JAKARTA - Kuasa hukum pemerintah, Hafzan Taher menilai gugatan yang diajukan oleh perkumpulan Hizbut Tahrir Indonesia (HTI) sudah tidak memiliki legal standing untuk diajukan ke Pengadilan Tata Usaha Negara (PTUN).
Menurut dia, contoh yang diberikan kuasa hukum HTI yang mempersoalkan PTUN mempunyai karakteristik berbeda dalam menyidangkan badan hukum tidaklah benar.
"Tidak ada Undang-Undang yang menyebutkan acara PTUN berbeda untuk status badan hukum. Undang-Undang itu berlaku umum, dimana saat surat (SK pencabutan perkumpulan HTI) itu keluar langsung mati (tidak bisa menggugat)," kata Hafzan usai sidang pembacaan replik oleh penggugat di PTUN, Jalan A Sentra Primer Baru, Cakung, Jakarta Timur, Kamis (7/12/2017).
Dia menjelaskan sudah dikeluarkannya SK Menteri Hukum dan Hak Asasi Manusia Nomor AHU-30.A.01.08 Tahun 2017 tentang Pencabutan Keputusan Menteri Hukum dan Hak Asasi Manusia Nomor AHU-00282.60.10.2014 tentang Pengesahan Pendirian Badan Hukum Perkumpulan HTI tertanggal 19 Juli 2017, seharusnya HTI tidak bisa menggugat.
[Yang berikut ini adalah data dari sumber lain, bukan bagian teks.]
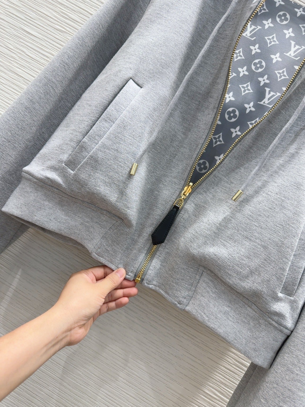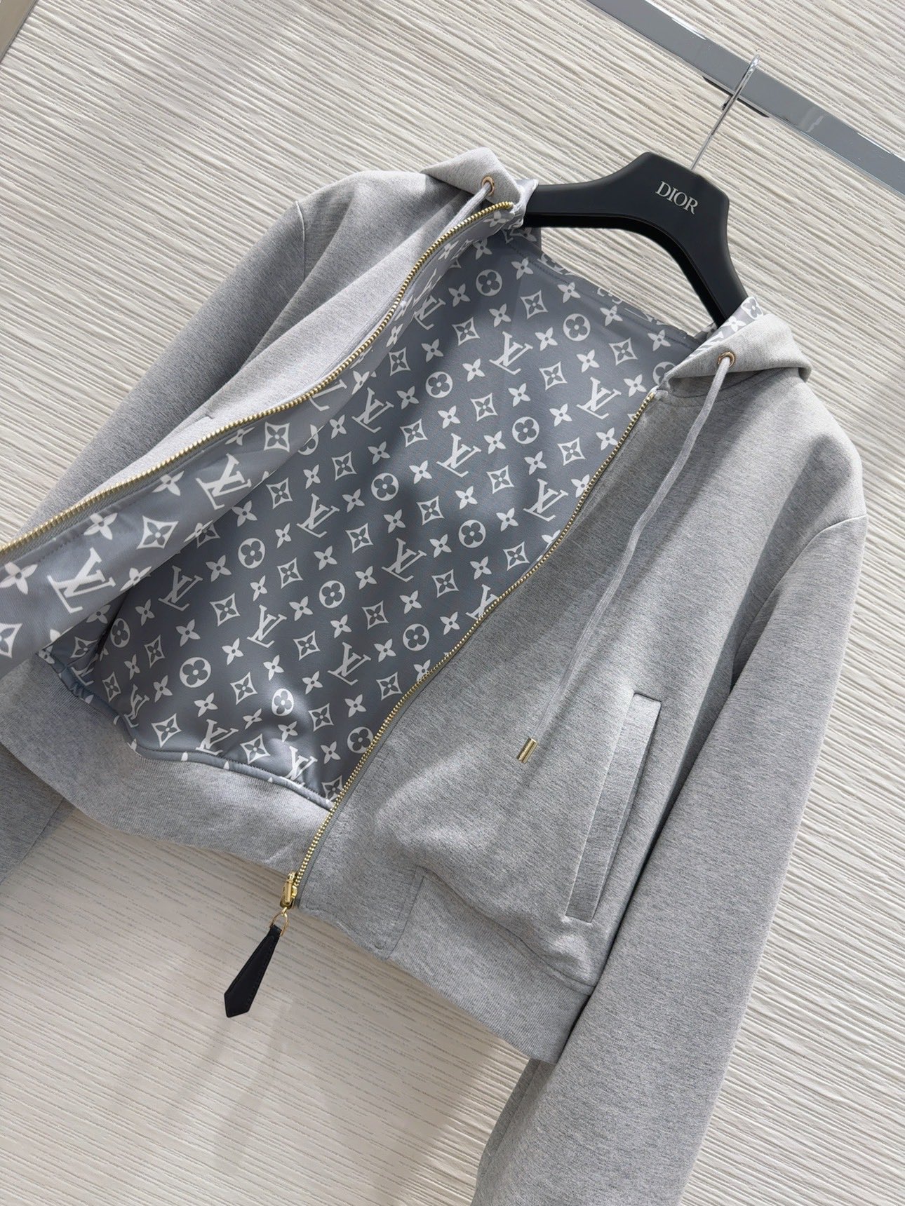 LV 솔리드 컬러 후드 자켓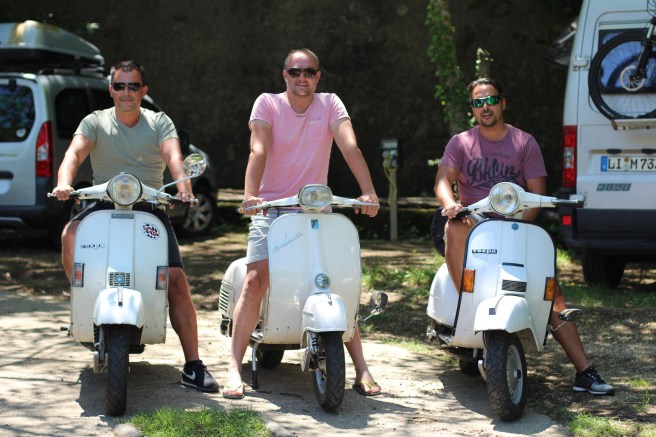 So, unser Busle wäre wieder einsatzbereit und wir könnten unser Tour fortsetzen. Wenn da nicht unsere überaus netten Camping Nachbarn wären. :-) Da fährt man bis an die Amalfiküste und trifft dort vier junge Männer aus unserer Nachbarstadt am Bodensee. Die kannten wiederrum meinen Herzmann von früher. Sie haben ihre Vespa´s mitgenommen und haben die Amalfiküste mit der Vespa erkundet. Jeden Tag nach ihrer Tour haben sie sich nach dem aktuellen Stand unseres Busles erkundigt.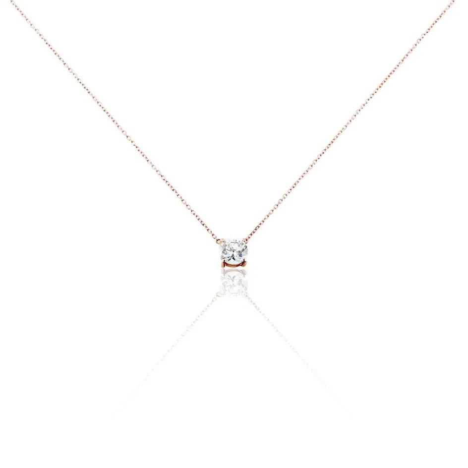 Collier Or Rose 375/1000 Maille Forçat Oxyde De Zirconium 4mm Pm 42cm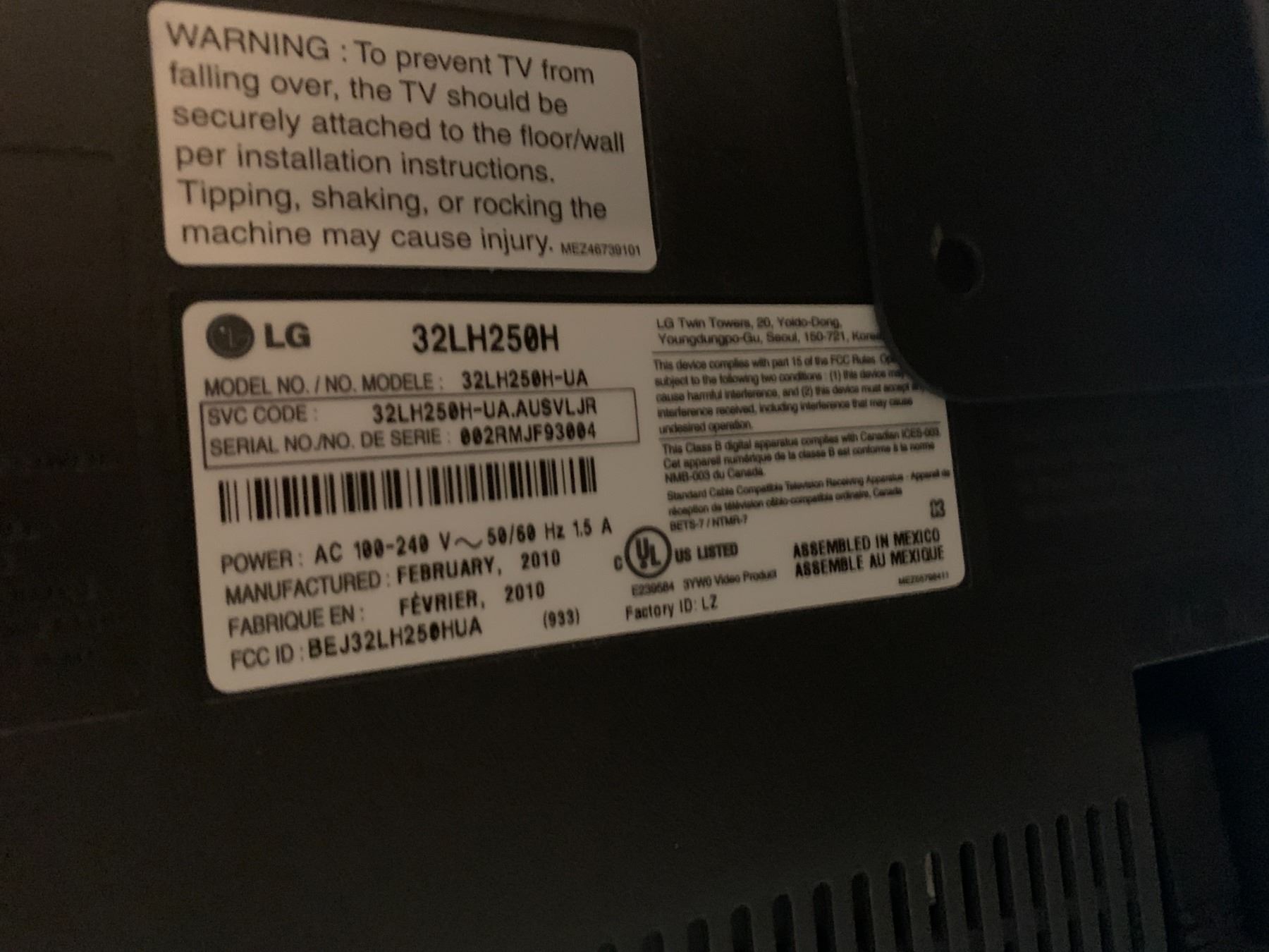 32" LG TV (Model No. 32LH250H-UA) w/ Wall Mount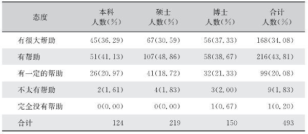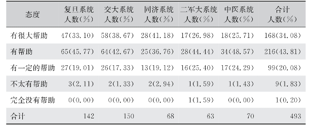 接受过培训的带教老师中,98%的人认为培训对自己的带教工作有一定帮助或有很大帮助。Spearman等级相关分析结果显示学历与带教老师对师资培训的态度无关(ρ=0.000,P=0.998)(表25)。Kruskal-Wallis秩和检验结果显示,各系统带教老师对师资培训的认可态度没有统计学意义(H=6.458,P=0.167)(表26)。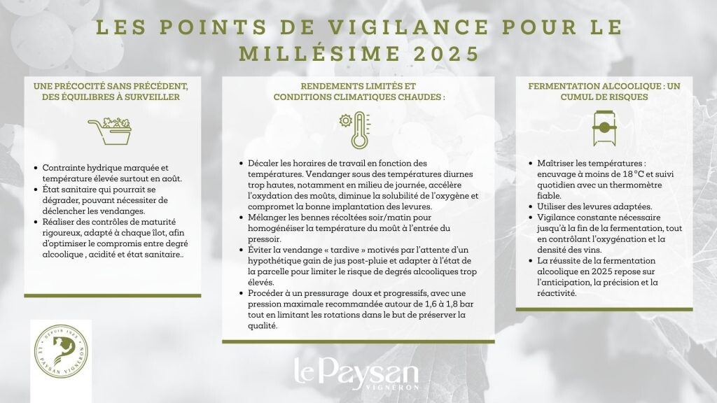Qu’il s’agisse du calendrier de récolte, de l’organisation des flux au chai, de la gestion des températures, du choix des levures, des apports nutritionnels ou de la conservation post-fermentaire, chaque décision doit être pensée, argumentée et suivie. Les marges de manœuvre existent, mais elles sont étroites. Ce n’est pas l’ampleur des moyens qui fera la différence cette année, mais bien la précision et la réactivité dans leur mise en œuvre.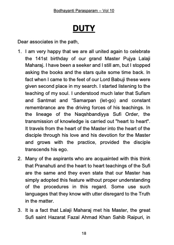1. I am very happy that we are all united again to celebrate the 141st birthday of our grand Master Pujya Lalaji Maharaj. I have been a seeker and I still am, but I stopped asking the books and the stars quite some time back. In fact when I came to the feet of our Lord Babuji these were given second place in my search. I started listening to the teaching of my soul. I understood much later that Sufism and Santmat and “Samarpan (let-go) and constant remembrance are the driving forces of his teachings. In the lineage of the Naqshbandiyya Sufi Order, the transmission of knowledge is carried out "heart to heart". It travels from the heart of the Master into the heart of the disciple through his love and his devotion for the Master and grows with the practice, provided the disciple transcends his ego.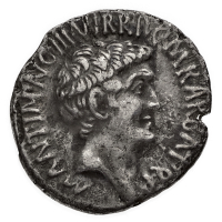 Marco Antonio e Ottaviano - Denario al nome di M.BARBAT databile al 41 a.C. - Zecca: itinerante al seguito di Marco Antonio - Diritto: testa di Marco Antonio a destra - Rovescio: testa di Ottaviano a destra - gr. 3,44 - Rara - BB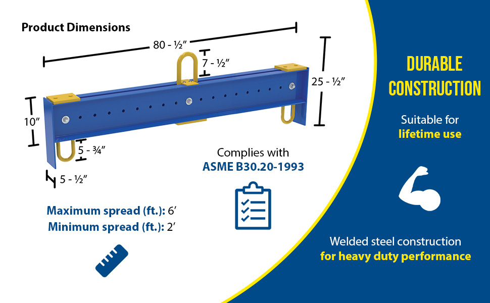 SBM-25 SBM-25Steel Adjustable Spreader Beam 78 In. Length 2,500 Lb. Capacity BlueUniform Capacity (lb.): 2,500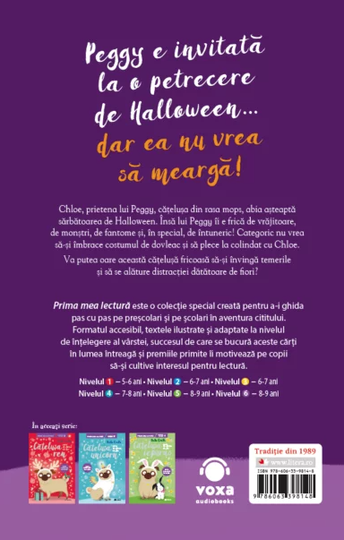 Chloe, prietena lui Peggy, cățelușa din rasa mops, abia așteaptă sărbătoarea de Halloween. Însă lui Peggy îi e frică de vrăjitoare, de monștri, de fantome și, în special, de întuneric! Categoric nu vrea să-și îmbrace costumul de dovleac și să plece la colindat cu Chloe. Va putea oare această cățelușă fricoasă să-și învingă temerile și să se alăture distracției dătătoare de fiori?
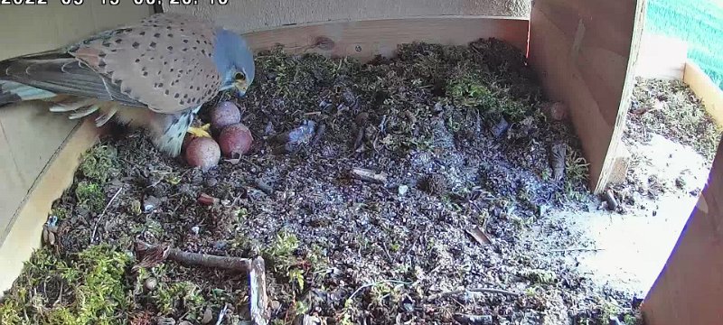 video - 06h18 - male flying in then both fly off1 video - 0619 male flies in2 video - 06h19 male sits on eggs for a short time3 video - 07h48 male flying in then both flying off4 17 may 202214 may 2022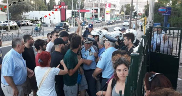 Στο σημείο έσπευσε η αστυνομία, η οποία περικύκλωσε τα εν λόγω άτομα και τα περιόρισε σε ένα σημείο.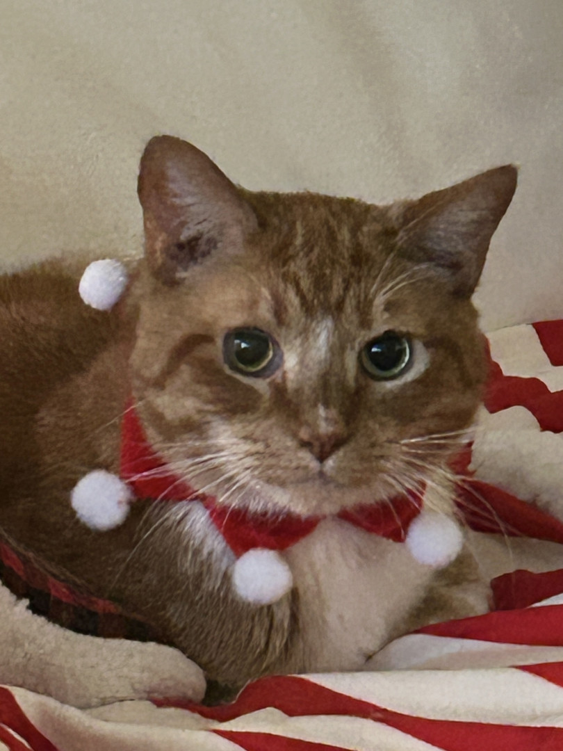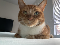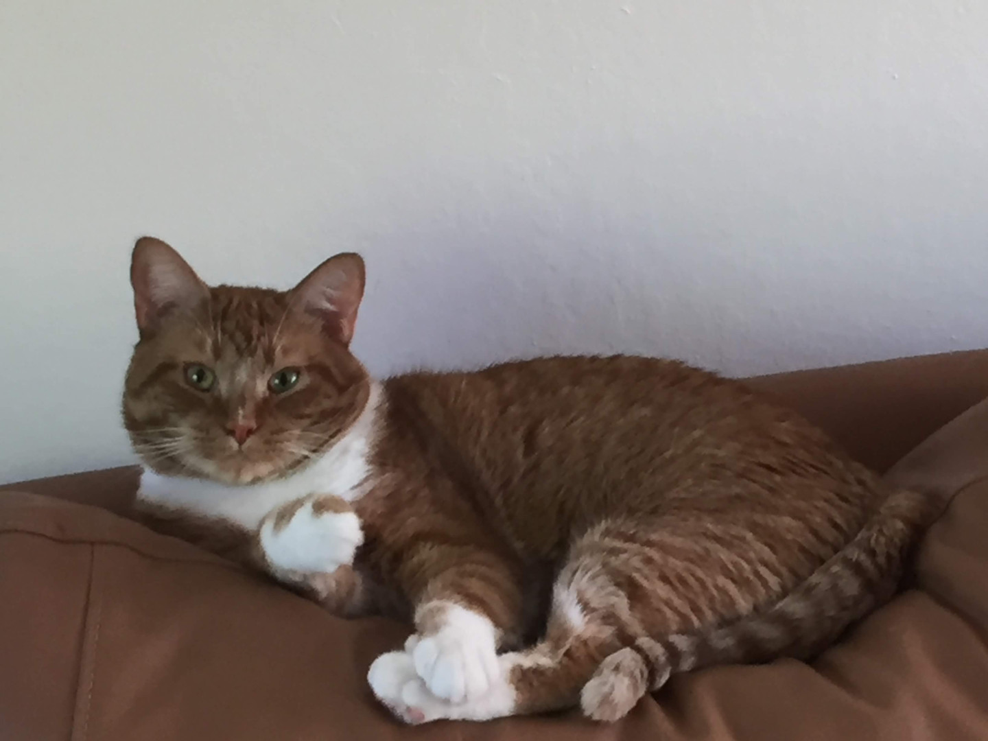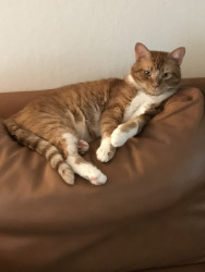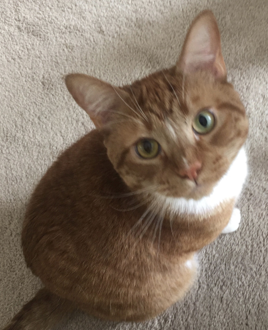 Orange and bold. Loving and precious. Rescued in 2016 in the San Francisco Bay Area. Adopted in 2017. Now lives in Canada. Most content boy.

Seharusnya, sambung dia, HTI mengajukan gugatan tidak sebagai perkumpulan lagi. Namun melalui seseorang yang ada dan berkepentingan dengan HTI.
"Pihak yang mengajukan gugatan bukan dia (perkumpulan HTI) yang mengajukan gugatan sama seperti di Mahkamah Konstitusi (MK). Seharusnya orang yang ada dan berkepentingan yang bisa mengajukan gugatan. Kan begitu seharusnya," ujarnya.
Dalam sidang tersebut, HTI melalui kuasa hukumnya, Yusril Ihza Mahendra menyampaikan replik atas jawaban tergugat. Pada repliknya, Yusril menyampaikan jawaban tergugat mengenai HTI mengajukan gugakan tidak memiliki legal standing karena sudah dibubarkan tidaklah tepat. Hal ini didasari karena HTI sudah dibubarkan melalui SK yang akhirnya menjadi objek sengketa dan menimbulkan kerugian bagi HTI.
Selain itu, Yusril pun memberikan contoh jika seorang Pegawai Negeri Sipil (PNS) Kementerian Hukum dan Hak Asasi Manusia (Kemenkumham) dipecat sepihak masih bisa mengajukan gugatan SK pemecatannya ke PTUN.
Menanggapi hal ini, Taher menjelaskan contoh yang disampaikan kuasa hukum HTI juga tidak tepat. Alasannya, PNS masih bisa menggugat atas nama pribadi bukan lagi sebagai PNS Kemenkumham.
"Namun jika PNS itu sudah meninggal tidak bisa menggugat, pihak yang bisa menggugat itu ahli warisnya," jelasny.
"Yang menggugat itu bukan dia (pihak yang dirugikan) itu sendiri, subjeknya (pihak yang menggugat) salah itu. Kalau dalam objek (SK) itu tidak mematikan dia. Dia tetap hidup sebagai subjek," tambahnya.
Lebih jauh, dia menambahkan pihaknya akan segera menyusun duplik untuk menjawab replik penggugat disertai bukti-bukti yang valid.
"Kitakan punya hak menyampaikan duplik. Bukti kita seharusnya setelah ini (pembacaan replik), namun tertunda karena principal (pihak penggugat) mau menyampaikan replik," tutupnya.
Sidang gugatan HTI terkait SK Menkumham terkait pembubaran perkumpulan HTI akan dilanjutkan pada Kamis pekan depan tanggal 14 November 2017.